Task details:
Repeat the listing exactly. Do not carry over any pictures.

Stored data:
================

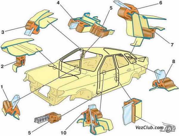 ВАЗ/2113, 2114, 2115/ремонт/кузов/каркас/Правка кузоваКонструкция каркаса лада 2113, инструкции по ремонту и замене деталей кузова лада 2114, руководство по снятию и установке омывателя ваз 2113, ваз 2115, ваз 2114. Правка кузова Ремонт каркаса, устройство кузова Ваз 2114, Ваз 2115, Ваз 2113 своими руками ремонт кузова кузов, обслуживание своими рукамиОсновные справочные размеры для проверки пола кузова: 0 – базовые линии; 1 – оси передних болтов крепления растяжек передней подвески; 2 – центр опоры передней подвески силового агрегата; 3 – центр опоры левой подвески силового агрегата; 4 – центры верхних шарниров передних телескопических стоек передней подвески; 5 – центры шарниров рычагов передней подвески; 6 – точки пересечения осей приварных болтов крепления рулевого механизма с поверхностями кронштейнов; 7 – точки крепления задней опоры подвески силового агрегата; 8 – точки пересечения осей задних приварных болтов крепления рычагов задней подвески с поверхностями задних лонжеронов; 9 – центры верхних опор амортизаторов задней подвески Значительная часть ремонтных работ по автомобилям ваз 2115, тем более поступающим после дорожно-транспортных происшествий, приходится на ремонт кузовов ваз 2113. В большинстве случаев при ремонте требуется проверка геометрии точек крепления узлов и агрегатов шасси автомобиля лада самара 2Повреждения кузова автомобилей могут быть самыми различными. Поэтому правила ремонта в каждом отдельном случае должны быть свои, наиболее подходящие для этих повреждений, при этом необходимо максимально использовать возможности рихтовки поврежденных панелей. По возможности необходимо избегать термического воздействия на металл, чтобы не нарушать заводскую сварку и антикоррозионную защиту кузова. Лицевые панели кузова снимать только в крайних случаях, чтобы определить места повреждений, выправить или выверить кузов.В случаях значительных повреждений кузова рекомендуется снимать все внутренние обивочные детали, чтобы облегчить измерение, контроль и установку гидравлических и винтовых домкратов для устранения перекосов и повреждений кузова ваз 2114.
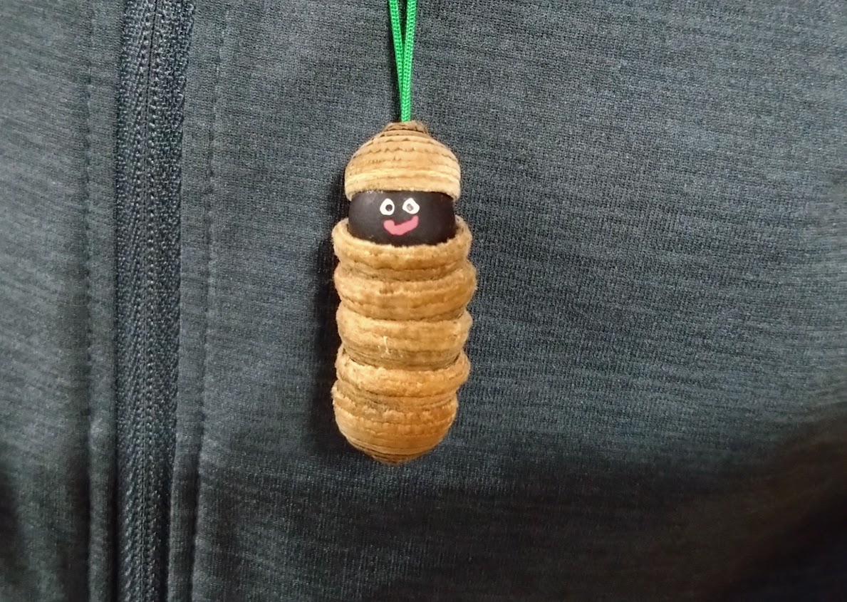 〇フカフカしたアカガシの殻斗で作るクラフトは殻斗の穴あけなど、ちょっと難しいですが頑張って作ると、こんなに可愛いいモムシができます。
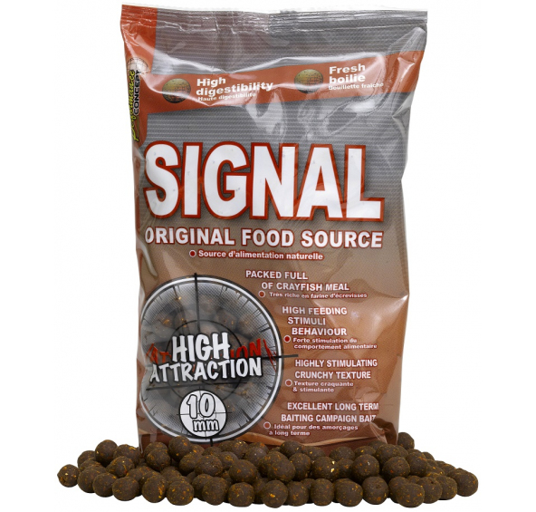 Signal má určitě nejkoncentrovanější naturální pachovou stopu (silný živočišný zápach) ze všech receptur a patří asi k nejpoužívanějšímu boilies na lov velkých kaprů na velkých vodních plochách. Hlavními složkami jsou moučky z raků, škeblí a ostatních vodních živočichů včetně skořápek pro docílení křupavého efektu, který milují hlavně velké a staré ryby.
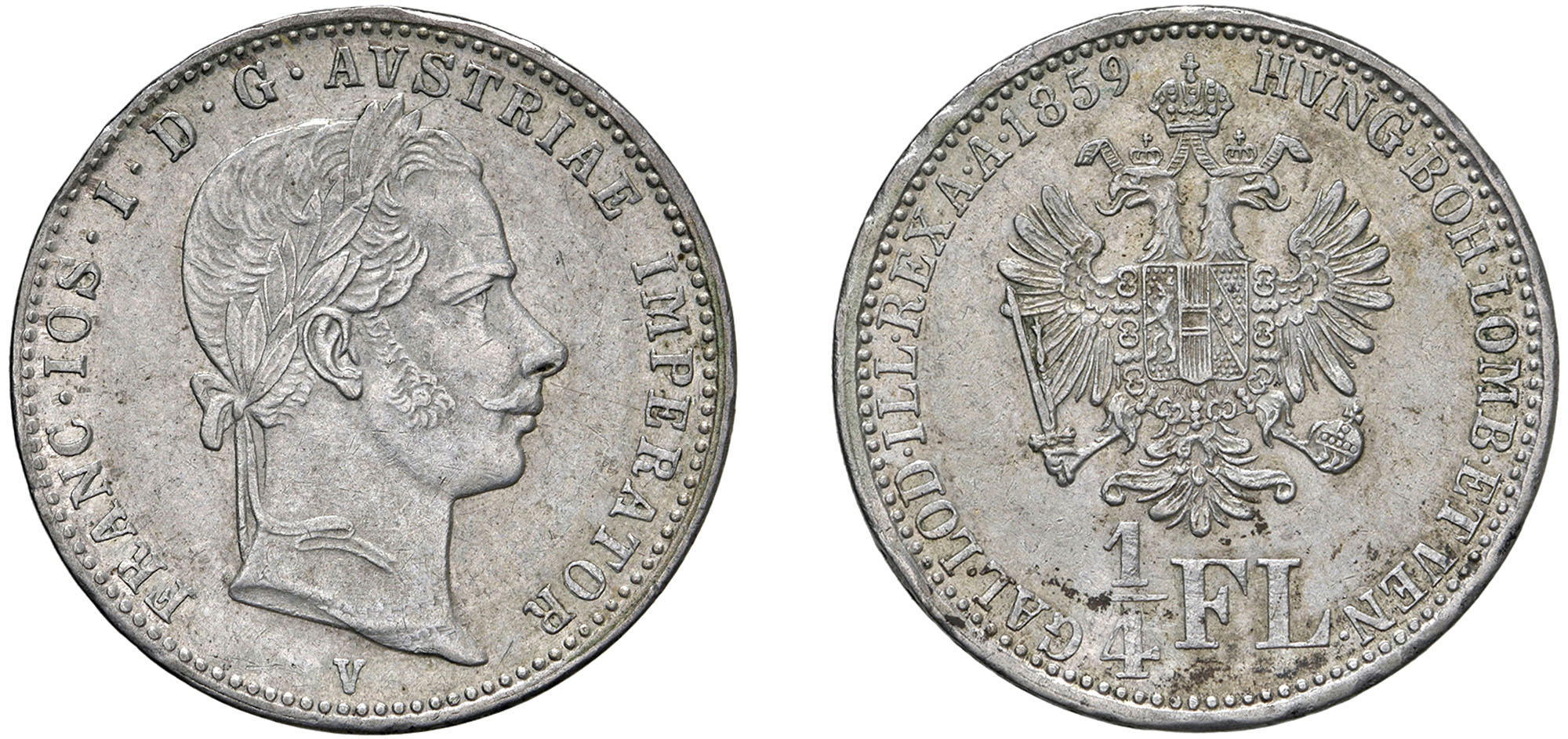 FRANCESCO GIUSEPPE I D'ASBURGO-LORENA, monetazione per l'Impero (1848-1866) - ¼ di Fiorino 1859, II tipo, Venezia.

================

Response to this task:
 ВАЗ/2113, 2114, 2115/ремонт/кузов/каркас/Правка кузоваКонструкция каркаса лада 2113, инструкции по ремонту и замене деталей кузова лада 2114, руководство по снятию и установке омывателя ваз 2113, ваз 2115, ваз 2114. Правка кузова Ремонт каркаса, устройство кузова Ваз 2114, Ваз 2115, Ваз 2113 своими руками ремонт кузова кузов, обслуживание своими рукамиОсновные справочные размеры для проверки пола кузова: 0 – базовые линии; 1 – оси передних болтов крепления растяжек передней подвески; 2 – центр опоры передней подвески силового агрегата; 3 – центр опоры левой подвески силового агрегата; 4 – центры верхних шарниров передних телескопических стоек передней подвески; 5 – центры шарниров рычагов передней подвески; 6 – точки пересечения осей приварных болтов крепления рулевого механизма с поверхностями кронштейнов; 7 – точки крепления задней опоры подвески силового агрегата; 8 – точки пересечения осей задних приварных болтов крепления рычагов задней подвески с поверхностями задних лонжеронов; 9 – центры верхних опор амортизаторов задней подвески Значительная часть ремонтных работ по автомобилям ваз 2115, тем более поступающим после дорожно-транспортных происшествий, приходится на ремонт кузовов ваз 2113. В большинстве случаев при ремонте требуется проверка геометрии точек крепления узлов и агрегатов шасси автомобиля лада самара 2Повреждения кузова автомобилей могут быть самыми различными. Поэтому правила ремонта в каждом отдельном случае должны быть свои, наиболее подходящие для этих повреждений, при этом необходимо максимально использовать возможности рихтовки поврежденных панелей. По возможности необходимо избегать термического воздействия на металл, чтобы не нарушать заводскую сварку и антикоррозионную защиту кузова. Лицевые панели кузова снимать только в крайних случаях, чтобы определить места повреждений, выправить или выверить кузов.В случаях значительных повреждений кузова рекомендуется снимать все внутренние обивочные детали, чтобы облегчить измерение, контроль и установку гидравлических и винтовых домкратов для устранения перекосов и повреждений кузова ваз 2114.
 〇フカフカしたアカガシの殻斗で作るクラフトは殻斗の穴あけなど、ちょっと難しいですが頑張って作ると、こんなに可愛いいモムシができます。
 Signal má určitě nejkoncentrovanější naturální pachovou stopu (silný živočišný zápach) ze všech receptur a patří asi k nejpoužívanějšímu boilies na lov velkých kaprů na velkých vodních plochách. Hlavními složkami jsou moučky z raků, škeblí a ostatních vodních živočichů včetně skořápek pro docílení křupavého efektu, který milují hlavně velké a staré ryby.
 FRANCESCO GIUSEPPE I D'ASBURGO-LORENA, monetazione per l'Impero (1848-1866) - ¼ di Fiorino 1859, II tipo, Venezia.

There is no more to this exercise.